[What you have to do] What you write must be the listing below in full, word for word, minus its pictures.

[Provided material]
·····

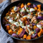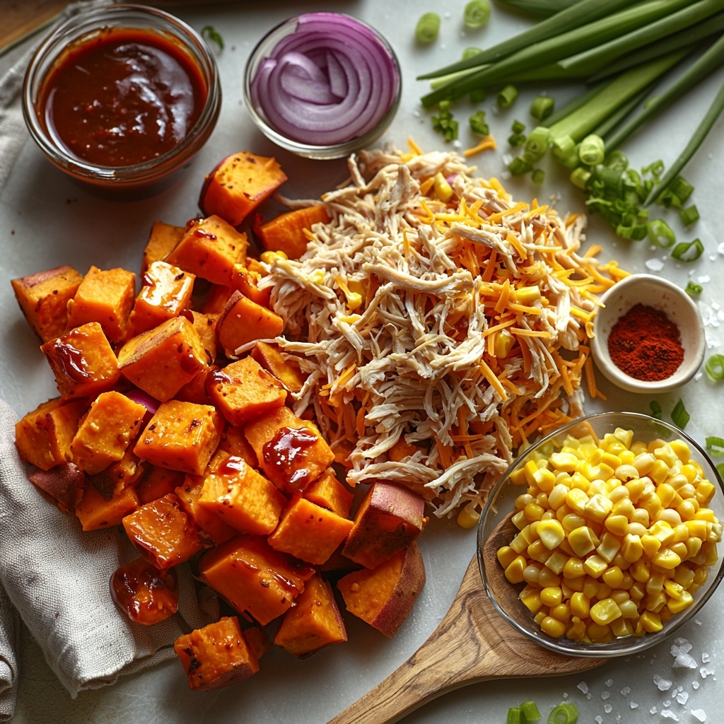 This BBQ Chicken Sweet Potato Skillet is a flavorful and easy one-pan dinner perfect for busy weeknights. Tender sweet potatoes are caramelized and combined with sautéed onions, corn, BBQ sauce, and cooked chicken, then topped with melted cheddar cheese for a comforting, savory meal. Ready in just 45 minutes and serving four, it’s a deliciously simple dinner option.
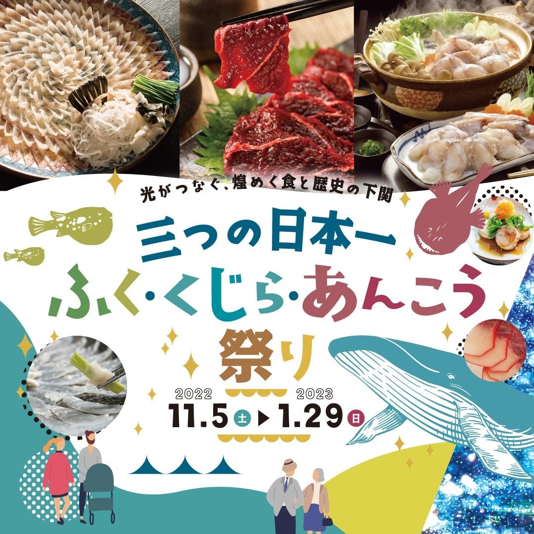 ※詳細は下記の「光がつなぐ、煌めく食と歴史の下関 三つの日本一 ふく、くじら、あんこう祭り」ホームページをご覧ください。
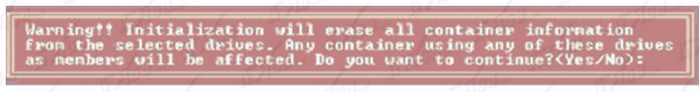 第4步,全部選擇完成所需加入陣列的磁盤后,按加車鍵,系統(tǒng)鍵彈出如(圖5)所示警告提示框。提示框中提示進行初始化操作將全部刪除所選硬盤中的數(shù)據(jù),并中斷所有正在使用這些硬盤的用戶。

·····

[Response box]
 This BBQ Chicken Sweet Potato Skillet is a flavorful and easy one-pan dinner perfect for busy weeknights. Tender sweet potatoes are caramelized and combined with sautéed onions, corn, BBQ sauce, and cooked chicken, then topped with melted cheddar cheese for a comforting, savory meal. Ready in just 45 minutes and serving four, it’s a deliciously simple dinner option.
 ※詳細は下記の「光がつなぐ、煌めく食と歴史の下関 三つの日本一 ふく、くじら、あんこう祭り」ホームページをご覧ください。
 第4步,全部選擇完成所需加入陣列的磁盤后,按加車鍵,系統(tǒng)鍵彈出如(圖5)所示警告提示框。提示框中提示進行初始化操作將全部刪除所選硬盤中的數(shù)據(jù),并中斷所有正在使用這些硬盤的用戶。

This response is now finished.